Before You Begin With Data Flow SQL Endpoints

To use Data Flow SQL Endpoints, you must have:

  • An Oracle Cloud Infrastructure account. Trial accounts can be used to show Data Flow.
  • A Service Administrator role for the Oracle Cloud services. When the service is activated, the credentials and URL are sent to the chosen Account Administrator. The Account Administrator creates an account for each user who needs access to the service.
  • A supported browser, such as:
    • Microsoft Internet Explorer 11.x or later

    • Mozilla Firefox ESR 38 or later

    • Google Chrome 42 or later

    Note

    For the Spark UI, only use Google Chrome.
  • Data for processing loaded into Object Storage. The data can be read from external data sources or cloud services. Data Flow SQL Endpoints optimizes performance and security for data stored in Object Storage.

Note

Avoid entering confidential information when assigning descriptions, tags, or friendly names to the cloud resources through the Oracle Cloud Infrastructure Console, API, or CLI. It applies when creating or editing applications in Data Flow.

Understanding SQL Endpoints

Data Flow SQL Endpoint is a service entity that uses long-running compute clusters in your tenancy. You pick a compute shape and how many instances you want to use. Each cluster runs until an administrator stops it. Spark runs in the cluster. Its SQL engine is fast, integrates with Data Flow, and it supports unstructured data. You connect using ODBC or JDBC, authenticate with IAM credentials.

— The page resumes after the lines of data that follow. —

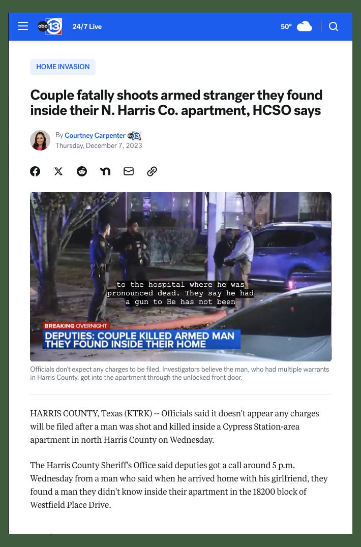 Take a look at how spotty the preliminary information is that we get around DGUs: This is a tweet from the Harris County Sheriff, which gives just the barest of facts. I don’t blame the police, of course, but we should remain aware (and tell other people) about the dearth of facts surrounding most GGWAG incidents.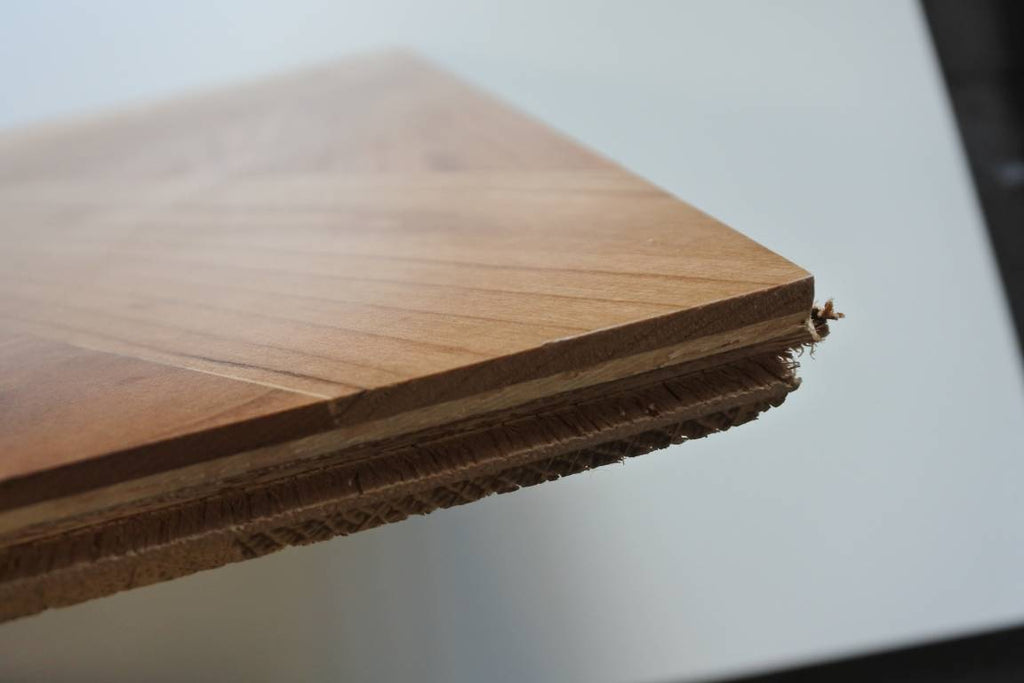3 Schichten: 4 mm Edelholz oben, 4 mm Edelholz unten und 6 mm Zwischenschicht Birke
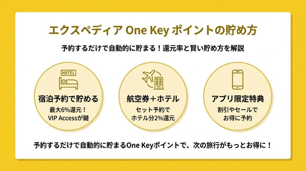 One Keyのポイントは、エクスペディアで予約するだけで自動的に貯まります。還元率は予約する商品カテゴリによって異なります。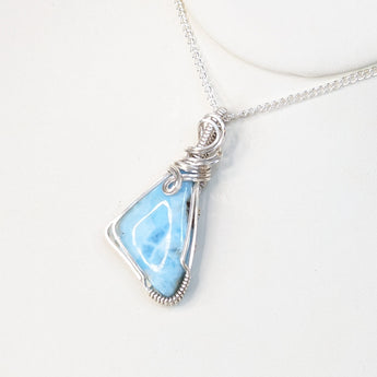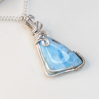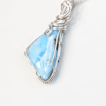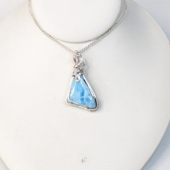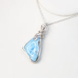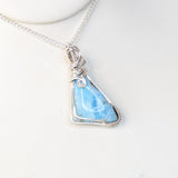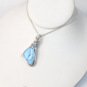 This hand wrapped pendant showcases a stunning blue Larimar stone in a minimalist design. Perfect for adding a touch of elegance and sophistication to any outfit.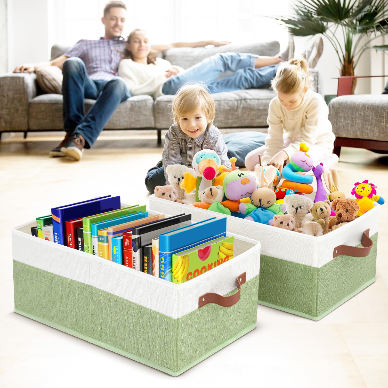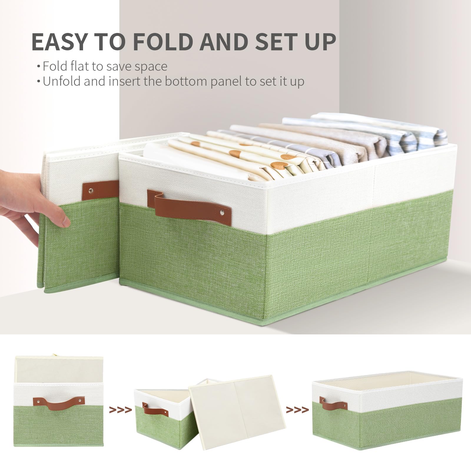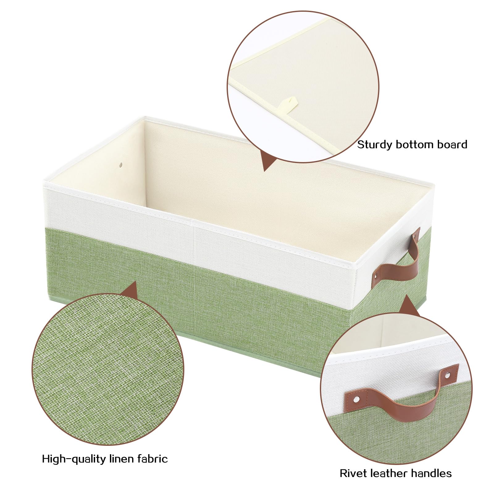 Product Specification Color: Green Package Quantity: 3 Pack External material: Polyester linen Upholstery Material: Non-woven fabric Construction Material: Environmentally cardboard Size:18.9 x 11.02 x 7.87 inches / 48 x 28 x 20 cm. Highlights Rivets Reinforcement Soft Leather Handles : These sewn-in leather handles have a smooth, comfortable feel, It is easy to grab, making the storage bins easy to carry. High-Quality Material : Made of heavy-duty cardboard side panels and the inserted bottom plate, durable, breathable and Eco-friendly Collapsible : You only need to insert or remove the bottom boards to fold or unfold those storage bins Multi-Purposes : Bedroom : Jeans, pants, shorts, underwear, socks, scarves Kitchen : Snacks, dry foods storage Living room: magazines, books, holiday decorstorage Nursery : Diapers, baby clothes, bottles storage Kids Room : Toys, plushes, games, arts and craft supplies storage Bathroom : Hand towels, beauty and hair care essentials storage Laundry room: Cleaning supplies, detergent, cloths storage Office : Document storage General Sundries Storage 3 pack closet organizer bins can help you divide the sundries in your life into several categories so that you can easily find various types of items TIPS Please wipe away stains with a damp cloth and air dry for daily maintenance; There may be a smell of "new" when first opening the package; please air these closet bins out in a well-ventilated place for a few hours. If you have any problem or advice concerning our products, please do not hesitate to get in touch with us through Amazon.

What are Data Flow SQL Endpoints

Data Flow SQL Endpoints are designed for developers, data scientists, and advanced analysts to interactively query data directly where it lives in the data lake. This data is relational, semi-structured, and unstructured such as logs, sensor streams, and video streams typically stored in the object store. As the volume and complexity of data grows, tools to explore and analyze data in the data lake in native formats, rather than transforming or moving it, become important. Using Data Flow SQL Endpoints, you can economically process large amounts of raw data, with cloud native security used to control access. You can access the insights they need in a self-service way, with no need to coordinate complex IT projects or worry about stale data. Queries in Data Flow SQL Endpoints seamlessly interoperate with Data Flow Batch for scheduled production pipelines. They enable fast data analytic and use long-running autoscaling compute clusters that are fixed in size and run until stopped by the administrator.

Data Flow SQL Endpoints:
  • Provide interactive analytics directly against the data lake.
  • Are built on Spark for scale-out, easy read and write of unstructured data, and interoperability with existing Data Flow.
  • Uses SQL to make analytics easier.
  • Support major Business Intelligence (BI) tools using ODBC or JDBC connections with IAM credentials.
  • Use data for processing loaded into Object Storage. The data can be read from external data sources or cloud services.

Data Flow SQL Endpoints support all the same types of file supported by Spark. For example, JSON, Parquet, CSV, and Avro.